This module provides an implementation of Adam.

Adam is a method for the optimization of stochastic objective functions.

The idea is to estimate the first two moments with exponentially decaying running averages. Additionally, these estimates are bias corrected which improves over the initial learning steps since both estimates are initialized with zeros.

The rest of the documentation follows the original paper [adam2014] and is only meant as a quick primer.

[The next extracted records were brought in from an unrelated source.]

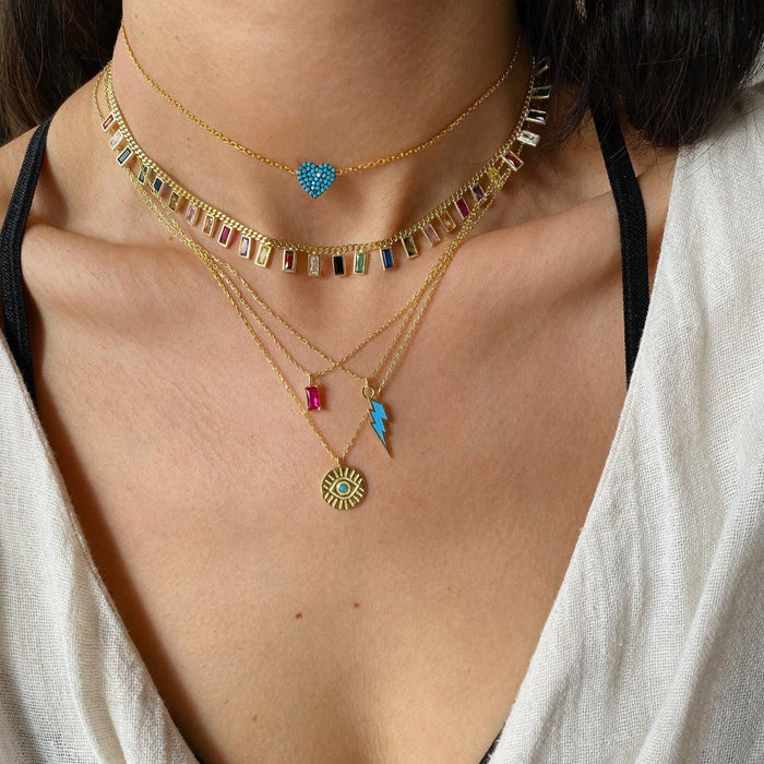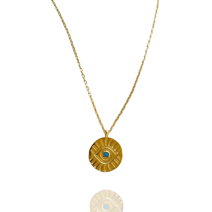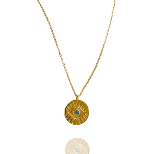 Let’s ward off bad luck by bringing good fortune, success, and hope to your life with this Eye Coin Evil Eye Necklace. This necklace is handmade in recycled 925 sterling silver material that is premium-quality, lightweight, sturdy, and brightly polished. Owing to its design, it highlights an eye in a coin pattern with a turquoise stone at the center- all wrapped in a lustrous gold-tone setting. Wear it alone for a minimalist look, or layer it with linking chains, charm pendants, and statement necklaces for a trendy layered look.
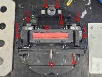 Remove the 2 screws hidden by the main brush assembly.
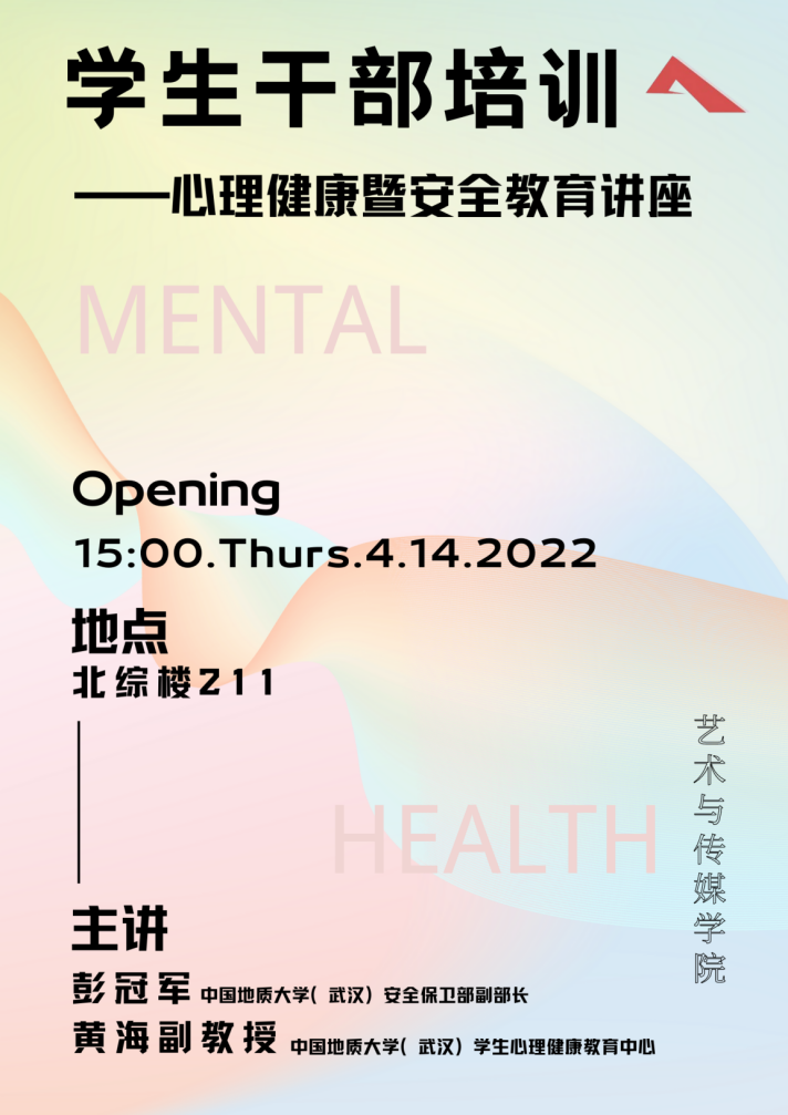 4月14日下午4点,威廉williamhill学生干部培训——“心理健康暨安全教育”讲座在北区综合楼211教室顺利开展,主讲人分别是来自william威廉中文学生心理健康教育中心的黄海副教授和安全保卫部彭冠军副部长,本场讲座由威廉williamhill辅导员曾戈晖主持。
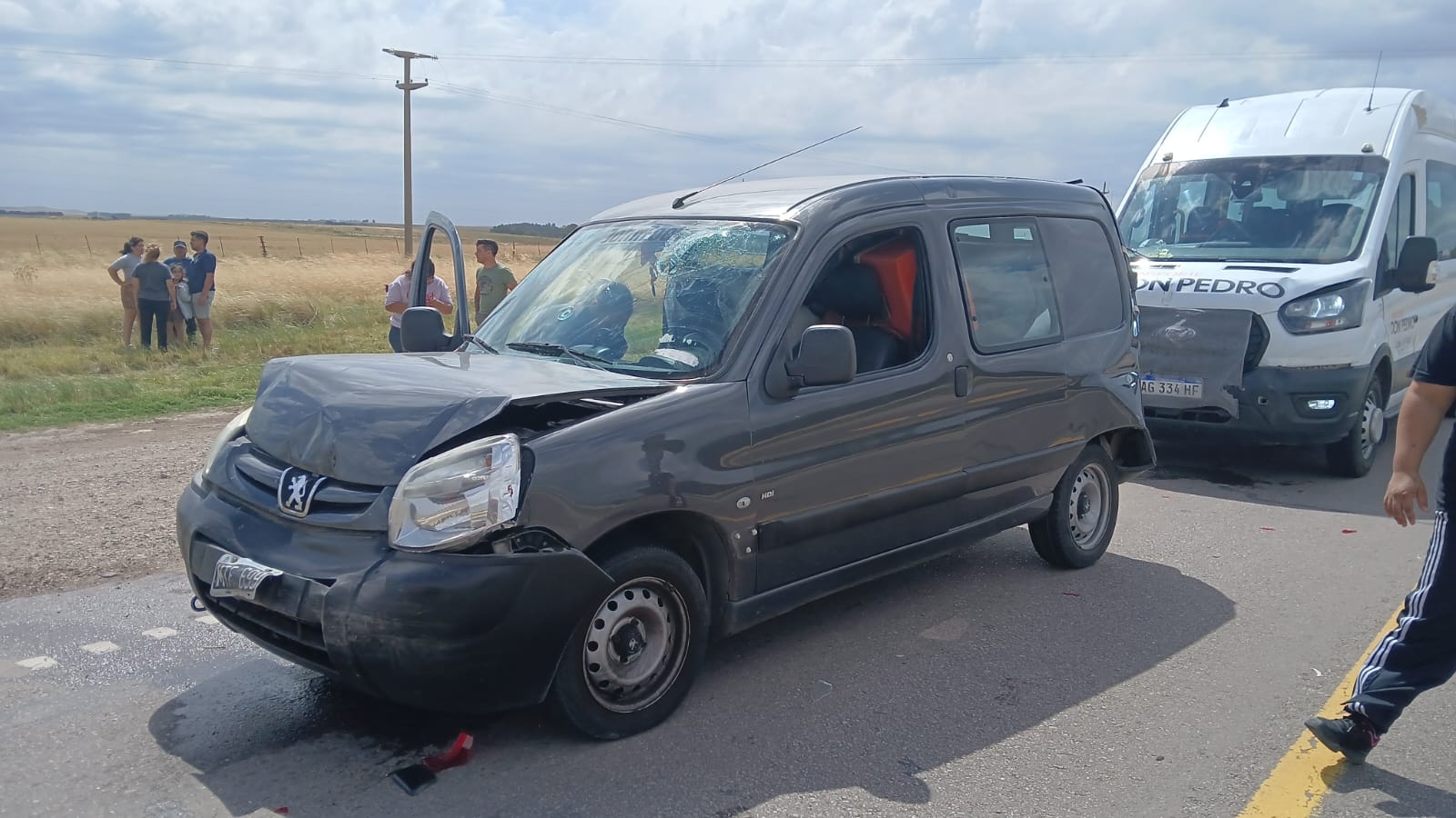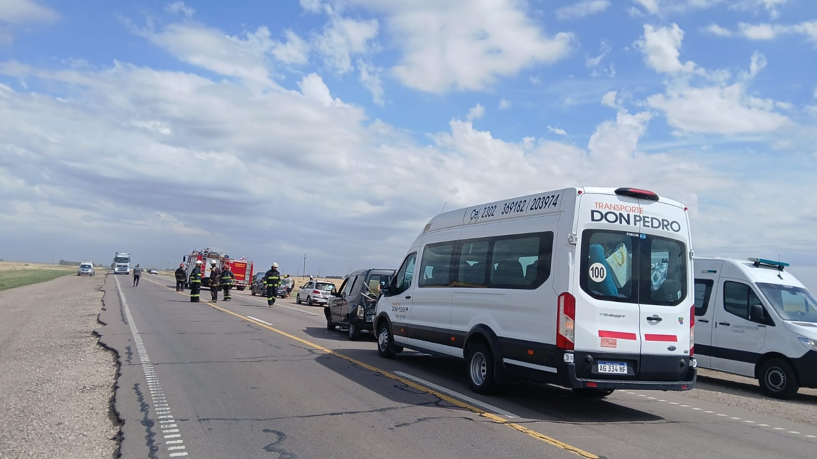 En el lugar, se constata colisión en cadena entre Peugeot 307 dominio ETV734 al mando de VIDELA JUAN PABLO (43 no residente), VW Suran dominio AD484FV conductor MENDOZA GRISELDA (46 años no residente), Peugeot Partner dominio MTF699 conducido por TOBARES ARIEL (48 no residente) y FORD Mini Bus dominio AG334HF conducido por FLORES MARIANELA (39 no residente), los cuales circulaban por Ruta Nacional 33 con sentido Bahía Blanca.

We refer to the original source for more details, such as results on convergence and discussion of the various hyper parameters.

Let $$f_t'(\theta_t)$$ be the derivative of the loss with respect to the parameters at time step $$t$$. In its basic form, given a step rate $$\alpha$$, decay terms $$\beta_1$$ and $$\beta_2$$ for the first and second moment estimates respectively and an offset $$\epsilon$$ we initialise the following quantities

$\begin{split}m_0 & \leftarrow 0 \\ v_0 & \leftarrow 0 \\ t & \leftarrow 0 \\\end{split}$

$\begin{split}t & \leftarrow t + 1 \\ g_t & \leftarrow f_t'(\theta_{t-1}) \\ m_t & \leftarrow \beta_1 \cdot g_t + (1 - \beta_1) \cdot m_{t-1} \\ v_t &\leftarrow \beta_2 \cdot g_t^2 + (1 - \beta_2) \cdot v_{t-1}\end{split}$$\begin{split}\hat{m}_t &\leftarrow {m_t \over (1 - (1 - \beta_1)^t)} \\ \hat{v}_t &\leftarrow {v_t \over (1 - (1 - \beta_2)^t)} \\ \theta_t &\leftarrow \theta_{t-1} - \alpha {\hat{m}_t \over (\sqrt{\hat{v}_t} + \epsilon)}\end{split}$

As suggested in the original paper, the last three steps are optimized for efficieny by using:

$\begin{split}\alpha_t &\leftarrow \alpha {\sqrt{(1 - (1 - \beta_2)^t)} \over (1 - (1 - \beta_1)^t)} \\ \theta_t &\leftarrow \theta_{t-1} - \alpha_t {m_t \over (\sqrt{v_t} + \epsilon)}\end{split}$

The quantities in the algorithm and their corresponding attributes in the optimizer object are as follows.

Symbol Attribute Meaning
$$t$$ n_iter Number of iterations, starting at 0.
$$m_t$$ est_mom_1_b Biased estimate of first moment.
$$v_t$$ est_mom_2_b Biased estimate of second moment.
$$\hat{m}_t$$ est_mom_1 Unbiased estimate of first moment.
$$\hat{v}_t$$ est_mom_2 Unbiased estimate of second moment.
$$\alpha$$ step_rate Step rate parameter.
$$\beta_1$$ decay_mom1 Exponential decay parameter for first moment estimate.
$$\beta_2$$ decay_mom2 Exponential decay parameter for second moment estimate.
$$\epsilon$$ offset Safety offset for division by estimate of second moment.

Additionally, using Nesterov momentum is possible by setting the momentum attribute of the optimizer to a value other than 0. We apply the momentum step before computing the gradient, resulting in a similar incorporation of Nesterov momentum in Adam as presented in [nadam2015].

Note

The use of decay parameters $$\beta_1$$ and $$\beta_2$$ differs from the definition in the original paper [adam2014]: With $$\beta^{\ast}_i$$ referring to the parameters as defined in the paper, we use $$\beta_i$$ with $$\beta_i = 1 - \beta^{\ast}_i$$

 [adam2014] (1, 2) Kingma, Diederik, and Jimmy Ba. “Adam: A Method for Stochastic Optimization.” arXiv preprint arXiv:1412.6980 (2014).
 [nadam2015] Dozat, Timothy “Incorporating Nesterov Momentum into Adam.” Stanford University, Tech. Rep (2015).

Methods

__init__(wrt, fprime, step_rate=0.0002, decay=None, decay_mom1=0.1, decay_mom2=0.001, momentum=0, offset=1e-08, args=None)